Because of that project, these themes were on my mind a lot this year, and Beings probably clicked with me so much because it engages with some of these same themes.


Beings is a literary/historical fiction novel, told through 3 interconnecting stories. In 1960, an unnamed couple (only referred to as “the husband and wife”) encounter an object in the night sky that defies explanation. The encounter is so traumatic that it shapes their lives for years to come. Seeking the help of a psychologist to uncover lost memories of that night, they recall through hypnosis a string of events that comes to inspire the first Alien-abduction-legend of its time. In 1961, a young female author takes inspiration from the UFO-craze and attempts to get her science-fiction writing published. The fact that she’s a woman (let alone a lesbian woman!) hinders her chances greatly. Finally, in our current timeline, we follow the Archivist, a reclusive historian who attempts to understand a strange forgotten childhood encounter while descending into obsession over both Phyllis’s letters and the testimony of the first alien abductees.

Apart from the themes of how to cope with something you cannot voice, the novel addresses alienation and othering of queerness in many forms. All three of our central characters are “queer” in their own way. The couple’s interracial relationship is scrutinized almost as much as their alien-encounter in the press-attention that follows it, in a time where this was still a huge taboo. Phyllis struggles with the expression of her queerness and feelings for another woman, specifically in a male-dominated field. Then there’s the Archivist, who’s non-binary and disabled, and therefore othered in their own way. I really loved the way the author explored these topics organically through their stories. It also engages with questions of storytelling and mythmaking. Specifically about who gets to tell a story, and how this changes the actors within it.  The author does a fantastic job of packing a lot of meaning and depth into only 300 pages. The same goes for the characters; despite literally not even knowing some of their names (!), I came to care deeply for Phyllis, the couple and the Archivist through the intimate glimpse into their lives Masad offered us.

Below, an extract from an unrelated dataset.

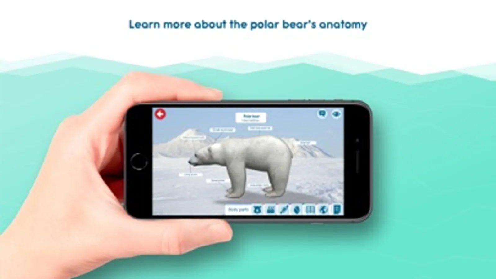 Polar bear 3D model. Learn about the polar bear’s body, skeleton, muscles and organs and prove your knowledge by taking a test.

I obviously highly recommend this novel, but don’t let the cover fool you into expecting an adventure-packed sci-fi-romp. It’s a character-study and a portrait of a time in our history where being queer often truly meant being alien.



9. Death and the Gardener by Georgi Gospodidov

translated from the Bulgarian by Angela Rodel

“My father was a gardener. Now he is a garden.”


Next up is another book that took me by complete surprise. I picked this book up without any research or reading reviews, because of its beautiful cover, title and opening line. Although it’s sold as fiction, this reads much like a literary memoir, and you cannot convince me that the author didn’t draw from very personal experience when writing this. Death and the Gardener is a very intimate and understated portrait of a father and son in the final days leading up to (and following) the formers passing. Our unnamed narrator recounts memories of his dad at various stages of his life, many of them taking place in the beloved garden that his father tended to. It explores (anticipatory) grief, aging and caregiving through the different seasons of life, as imagined through gardening glasses.  


Gospodidov is a poet with a PhD in philosophy, and that background shines through the text on every page. I ran out of sticky-tabs trying to mark every quotable passage only to discover that I’d marked up almost every single page. This is the kind of slim novel where not a single word is wasted. It’s internally consistent with its garden-metaphors, looping back to earlies word-choices in significant moments, to land their emotional resonance even more. It does so subtly, in a blink-and-you’ll-miss-it way, but it’s very intentional once you pick up on it. It’s a literary feat to write like this, but perhaps an even greater feat to be able to translate it as Angela Rodel did. As far as I’m concerned, both Gospodidov and Rodel share the credits for this placement.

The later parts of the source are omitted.